_Requirement_. Repeat the data exactly. Pictures stay out.

Data block Start Marker

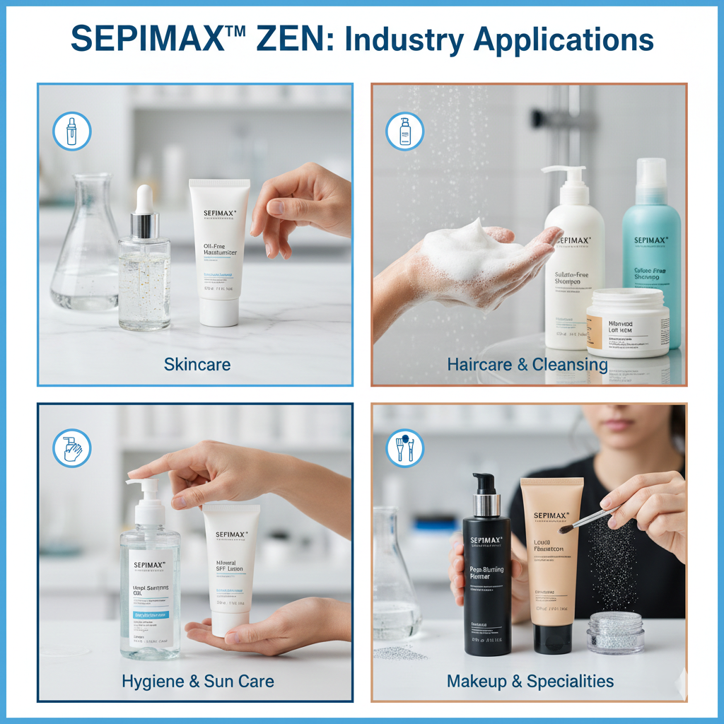 SEPIMAX™ ZEN is a next-generation, pre-neutralized polymer designed for thickening, stabilizing, and texturizing a wide range of cosmetic formulations. It provides an exceptionally smooth, velvety, and elegant skin feel while offering excellent resistance to electrolytes, making it ideal for complex formulations such as transparent gels, emulsions, and cleansing products.
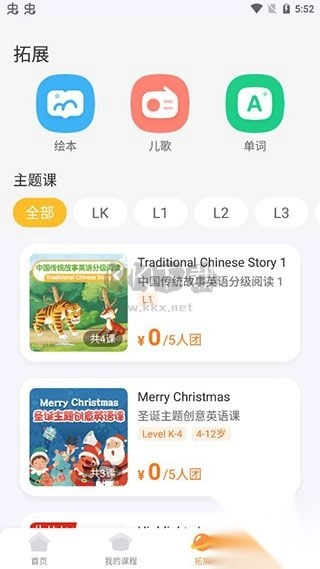 4、点击拓展,这里有一些课外活动,如绘本、儿歌等。
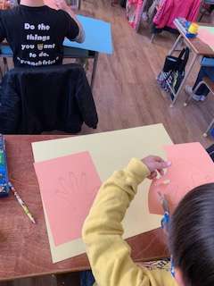 切り取ったかわいい手のひらの型を画用紙に貼っていきました。

Data block End Marker

_Answer section_.
 SEPIMAX™ ZEN is a next-generation, pre-neutralized polymer designed for thickening, stabilizing, and texturizing a wide range of cosmetic formulations. It provides an exceptionally smooth, velvety, and elegant skin feel while offering excellent resistance to electrolytes, making it ideal for complex formulations such as transparent gels, emulsions, and cleansing products.
 4、点击拓展,这里有一些课外活动,如绘本、儿歌等。
 切り取ったかわいい手のひらの型を画用紙に貼っていきました。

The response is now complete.